[Model deployment] PaddleOCR model openvino deployment (2)

The previous blog [Model Deployment] PaddleOCR model openvino deployment (1) introduces the deployment method of the PaddleOCR detection model DBNet. This article will introduce the deployment method of text orientation classification and text recognition, and at the same time, the detection, orientation classification, and text recognition models are connected in series Get up and give the complete deployment process.

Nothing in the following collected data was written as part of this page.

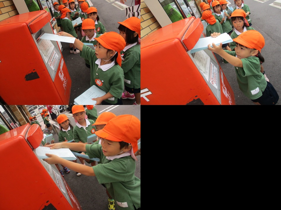 おじいちゃんおばあちゃんに書いたお手紙を向日葵組(4歳児)がポストへ投函に行きました。「ここに入れたら届くの?」「おばあちゃんたち喜ぶかな?」と心配そうな子ども達。お手紙を入れ終わった後、みんなで「おじいちゃんおばあちゃんのところにちゃんと届きますように!」とお願いしました。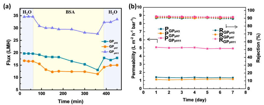 圖8. (a) pH 調節 GP 膜的防污性能及其 (b) 長期運行中的穩定性。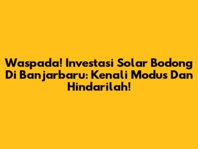 Waspada! Investasi Solar Bodong Di Banjarbaru: Kenali Modus Dan Hindarilah!

PaddleOCR:https://github.com/PaddlePaddle/PaddleOCR

When deploying a deep learning model, we mainly complete the code of the preprocessing and postprocessing parts. The same is true for the three models of detection, classification, and identification. We only need to complete the preprocessing and postprocessing.

The model deployment effect is as follows (the left is the original image, the right is the detection result):

 The identification results are as follows:


content

First, the detection model deployment

Second, the direction classification model deployment

1. Download the classification model

2. Unzip the compressed package

3. View the model

 4. Deployment

Third, identify the model deployment

1. Download the model

2. Unzip the compressed package

 3. View the model structure

 4. Deployment

Fourth, detection + classification + identification serial deployment

5. Reference


First, the detection model deployment

Detection model deployment reference: [Model deployment] PaddleOCR model openvino deployment (1) , this article will not introduce too much.

Second, the direction classification model deployment

1. Download the classification model

!wget https://paddleocr.bj.bcebos.com/dygraph_v2.0/ch/ch_ppocr_mobile_v2.0_cls_infer.tar

2. Unzip the compressed package

After decompression, the static graph model of the flying paddle is obtained, as shown below:

3. View the model

Use netron to view the inference.pdmodel structure, as shown in the figure below, mainly focus on 2 points:
(a) the output of the model (related to subsequent post-processing);
(b) the dimension of the input (design to subsequent pre-processing);

 4. Deployment

The openvino deployment code is as follows:

import cv2
import openvino
import argparse
import numpy as np
import pyclipper
from openvino.runtime import Core
from shapely.geometry import Polygon


def normalize(im, mean=[0.485, 0.456, 0.406], std=[0.229, 0.224, 0.225]):
    im = im.astype(np.float32, copy=False) / 255.0
    im -= mean
    im /= std
    return im
 
 
def resize(im, target_size=608, interp=cv2.INTER_LINEAR):
    if isinstance(target_size, list) or isinstance(target_size, tuple):
        w = target_size[0]
        h = target_size[1]
    else:
        w = target_size
        h = target_size
    im = cv2.resize(im, (w, h), interpolation=interp)
    return im
    

class ClsPostProcess(object):
    """ Convert between text-label and text-index """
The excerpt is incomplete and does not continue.